- TASK PROMPT: Up to and including the line bearing "肠动力不足便秘可通过饮食调整", output every line of the entries exactly as written, starting from the first; pictures stay out.

- Collected data:

==========

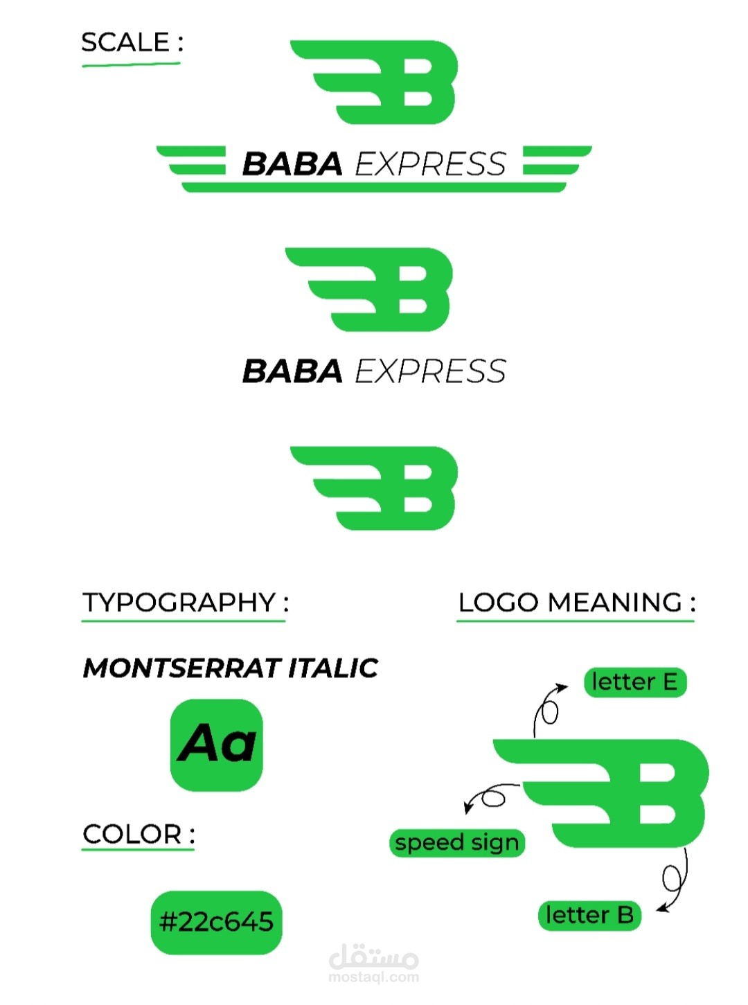 إعتمدت في تصميمي للشعار على الحروف الأولى من إسم الشركة مع رمز السرعة
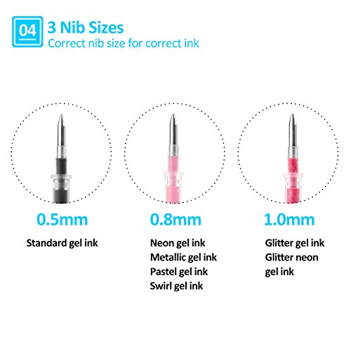 Various Uses: Gel ink refills for gel pens, applicable to MOST brands of pens selling on Amazon. 2 nib sizes- 0.8mm and 1.0mm which make it perfect for adult coloring books, crafting, doodling, scrapbooking, hand-made cards, photo albums, journals and study notes.
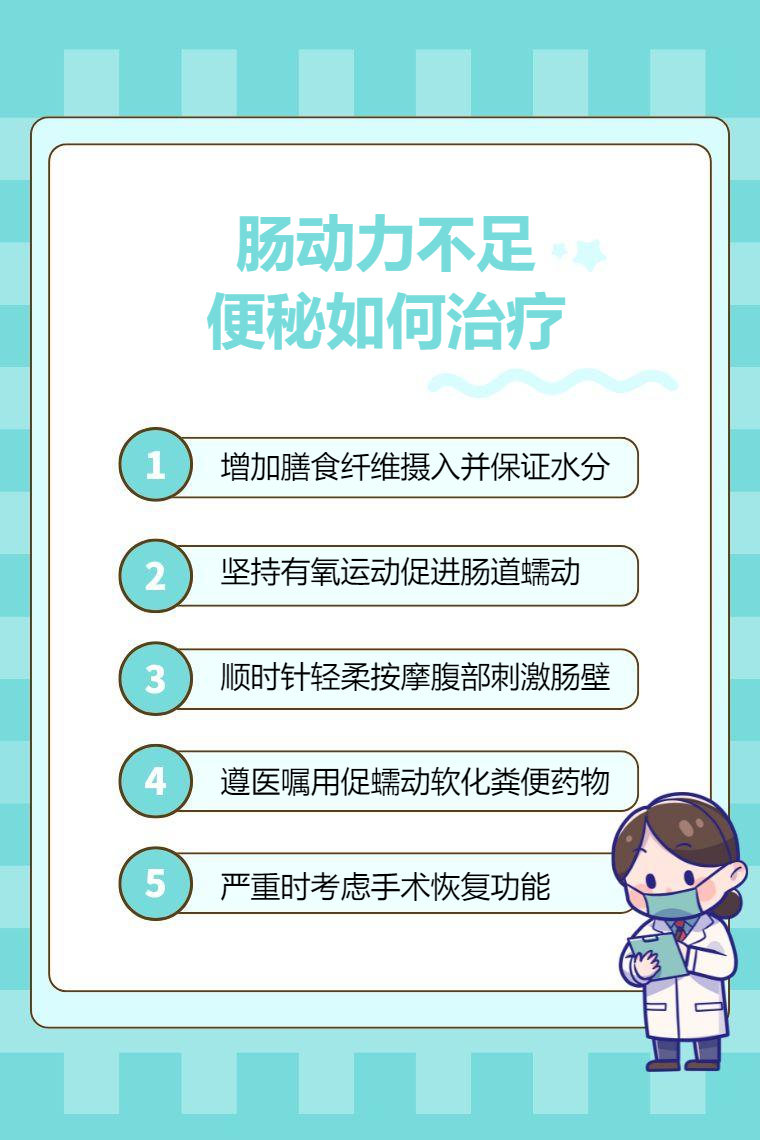肠动力不足便秘可通过饮食调整、适当运动、腹部按摩、药物治疗、手术治疗等方法来改善。
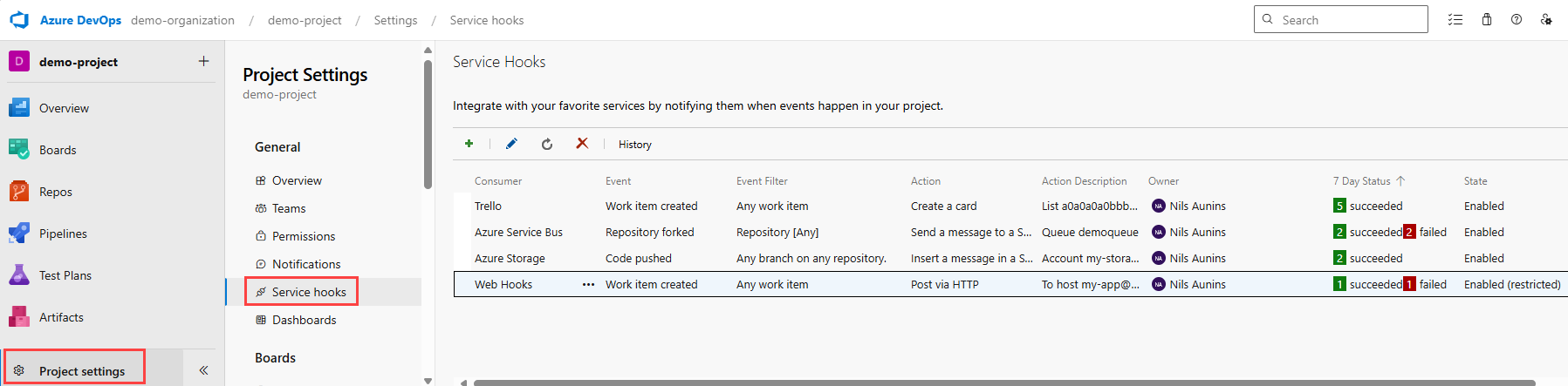 To view the activity and status of your subscriptions, go to the Service Hooks page.
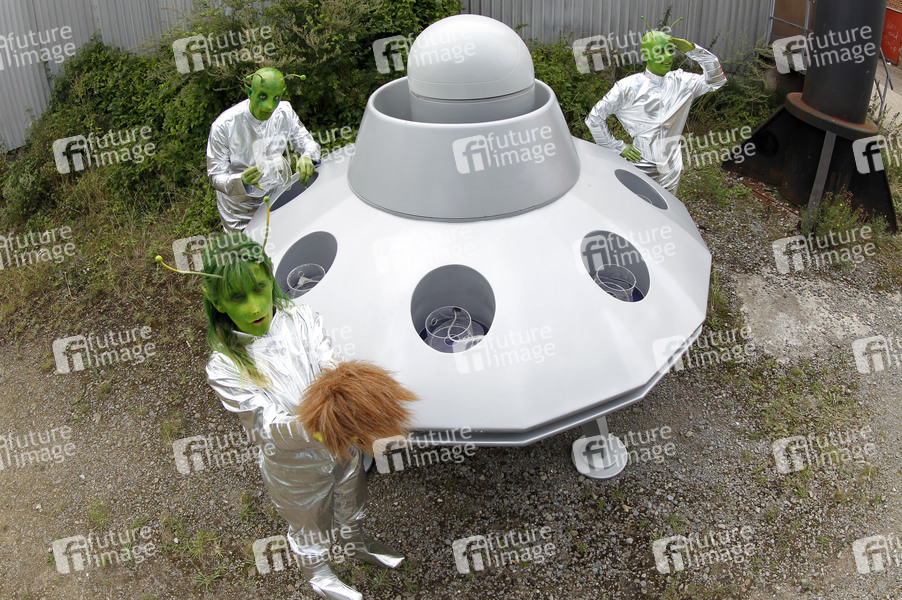 GEEK ART - Bodypainting and Transformaking: UFO Photoshooting mit Paul Skupin, Enrico Lein und Maria Skupin als Außerirdische nach einer Landung auf einem Industriegelände auf dem Planeten Erde in Bakede. - Ein Projekt des Fotografen Tschiponnique Skupin und des Bodypainters und Transformakers Enrico Lein

==========

- FINAL ANSWER:
 إعتمدت في تصميمي للشعار على الحروف الأولى من إسم الشركة مع رمز السرعة
 Various Uses: Gel ink refills for gel pens, applicable to MOST brands of pens selling on Amazon. 2 nib sizes- 0.8mm and 1.0mm which make it perfect for adult coloring books, crafting, doodling, scrapbooking, hand-made cards, photo albums, journals and study notes.
肠动力不足便秘可通过饮食调整、适当运动、腹部按摩、药物治疗、手术治疗等方法来改善。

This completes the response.